Additionally or alternatively, the determination that the local
list is not being updated may be performed based on a different
stopping condition, such as a predetermined amount of time elapsing
from the last update of the local list (the last iteration which
Step 2130 has been performed), based on a user input, based on
reaching a threshold on the size of the local list, or the
like.
[0467] On Step 2165, the local list may be deployed over one or
more devices in the organizational network. The local list may
define a security configuration of the organizational network. The
local list may comprise the programs that are authorized to
transmit communications within the organizational network.

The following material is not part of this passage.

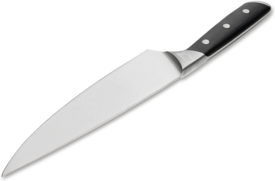 The Kitchen Knife line Boker Forge combines innovative and dynamic designs with a classic material selection, at a premium quality level. The attractive, eye-catching design lines distinguish this series significantly from the masses of average kitchen knives, without being too flashy. In addition, the Boker Forge series is convincing with a very attractive price-performance ratio. The knives are made from X50CrMoV15 chrome-molybdenum-vanadium stainless steel, are ideally balanced and provide perfect handling due to the ergonomic grip design. Black handle scales made of special high-quality ABS synthetic material are durably combined with three stainless steel rivets and are attached to the completely continuous tang without rivets. The design of the blades, including the transition to the bolster, allows easy sharpening and ensures long-term perfect function for the knives in combination with proper care. Please only hand wash the knives, do not place in dishwasher. Moreover, the Boker Forge series convinces with an incredibly attractive price-performance ratio. The knives are delivered in a high-quality gift box.
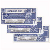 S20-Fa-20 Replacement 1996 Canadian Tire Coupon $1.00 Uncirculated (3 Notes)

[0468] In some exemplary embodiments, the local list may be
provided to a security related tool of the organizational network,
such as firewall device. The firewall device may be configured to
monitor outgoing network traffic of the organizational network and
decides whether to allow or block specific traffic based on a
defined set of security rules. The firewall device may utilize the
local list as the set of security rules. The firewall device may
prevent programs that are not listed in the local list from
transmitting outgoing communications.
[0469] Additionally or alternatively, the local list may be
provided to an outgoing communication filter utilized to perform
selective blocking of communications of programs within the
organizational network. The outgoing communication filter may
prevent programs that are not listed in the list from transmitting
outgoing communications.
[0470] It will be noted that the local list that is deployed may be
the "final" version of the local list. In some exemplary
embodiments, a plurality of local lists may be obtained from
different devices and aggregated together to form the final version
of the local list. In some cases, different devices that operate to
gradually update the local list may share intermediate versions of
the local lists. For example, in response to an update in one
device, a local list in the device is updated and a notification to
all other devices participating in the learning effort are notified
to update their lists accordingly. Additionally or alternatively,
batch updates may be transmitted periodically. Additionally or
alternatively, the devices may share their updated local lists
periodically to allow each device to compile a local list based on
such updated local lists.
[0471] Referring now to FIG. 22 showing a flowchart diagram of a
method, in accordance with some exemplary embodiments of the
disclosed subject matter.
[0472] On Step 2200, an initial local list may be generated. The
initial local list may be a list of programs that are authorized to
transmit communication within the organizational network. In some
exemplary embodiments, the initial local list may be defined by IT
administrators of the organizational network. The initial local
list may comprise programs that has been previously determined to
be authorized, such as based on being listed in known whitelists,
based on the program configuration, or the like. In some exemplary
embodiments, the initial local list may be an empty list that does
not include any program.
[0473] On Step 2210, the initial local list may be deployed in a
passive mode over a portion of the devices. In some exemplary
embodiments, the portion of devices may be a representative sample
of the devices in the organizational network. While deploying the
initial local list in passive mode, outgoing communications may be
monitored but not blocked.
[0474] On Step 2220, members may be added to the initial local list
based on communications transmitted by programs executed by the
portion of devices. While deploying the initial local list in
passive mode, in response to determining an attempt to transmit an
outgoing communication by a program executed by a device of the
portion of devices, the program may be checked to determine if
listed in the base list. In case the program is listed in the base
list, the program may be added to the local list. In some exemplary
embodiments, the local list may be updated by a central entity
receiving information from all monitored devices. Additionally or
alternatively, each device may maintain a different local list and
update such list independently. The independent local lists may be
combined together to create the finalized local list.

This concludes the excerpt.